By breaking decades of corrupt one-party rule in Mexico with his election last year, Fox single-handedly raised his country's credibility. Before, Mexico was not considered a full-fledged democracy. The Fox-Bush friendship has heightened Mexico's importance, to the point where even Britain's Blair has described Mexico as a "major political force in the world."

Fox and his new bride, Martha Sahagun, arrived in Washington last night. They will be greeted by the president and first lady in an official ceremony on the South Lawn this morning.

Certainly, Fox's visit has all the trappings befitting a high-profile alliance. It will be the first official state visit of the Bush presidency - a leap in protocol beyond the working visits Bush has received from numerous foreign leaders - and will include unusual twists: a joint Cabinet meeting today; a trip tomorrow to Toledo, Ohio, where the two presidents will visit a Hispanic community center; and an intimate dinner given by Fox at Blair House, the presidential guesthouse.

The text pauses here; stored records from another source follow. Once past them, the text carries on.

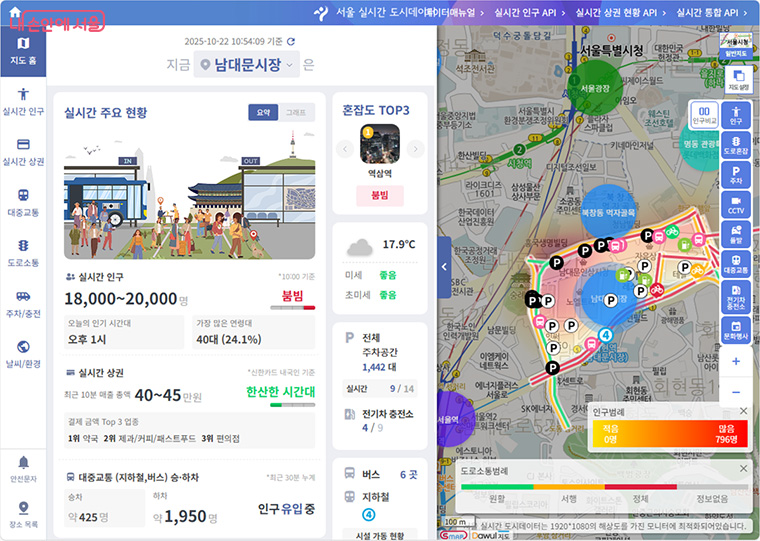 아울러, 서울시는 서울 대표 명소 120개 지역의 인구·교통·환경·문화행사 정보를 실시간 분석해 ‘지금 붐비는 지역’을 확인할 수 있는 ‘서울 실시간 도시데이터’ 서비스를 운영하고 있다. 2023년 조회 건수 5,000만 건에서→ 지난해 1억 1,000만 건,→ 올해 2억 건(9월 현재)으로 빠른 증가세를 보이고 있다.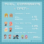 Haven't done commissions in a long time but would love to get back to it, especially pixels! If you're interested, send me a DM! #pixelart #pixelartist #pixelcommissions #ドット絵 #コミッション #under500gang #NobodyArtistClub #commissionsopen #CommissionSheet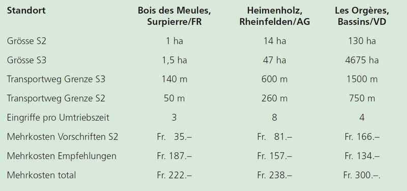 Die jährlichen Mehrkosten in der S2 bewegen sich in den Fallbeispielen zwischen Fr. 222.– und Fr. 300.–/ha. Sie treffen die Waldbesitzer mit ausgedehnten Schutzzonen – bedingt durch die Einschränkungen auf einer viel grösseren Fläche – jedoch ungleich härter. Zudem entfallen etwa im waadtländischen Bassins Fr. 166.– oder gut 55% des gesamten Mehraufwands auf die verbindlichen Vorschriften, während es in Rheinfelden Fr. 81.– und in Surpierre mit der kleinsten S2 nur Fr. 35.– sind.

These are the kinds of events designed to boost a foreign leader's political standing at home by showing him being treated as a distinguished near-equal by the world's foremost power. This is especially true for Mexico, which long has chafed at its poor-cousin treatment by Washington.

For Bush, there's a potential payoff as well: growing political support among a heavily Democratic Hispanic population that, at 35 million, rivals that of African-Americans. Two-thirds are Mexican-Americans.

The leaders' eagerness to cooperate offers the promise of solving, or easing, the thorny and politically sensitive problems that have dogged the two countries for decades. Chief among these is immigration. Fox has proposed nothing less than a shared work force that would give legitimacy to the 3 million Mexicans working illegally in the United States.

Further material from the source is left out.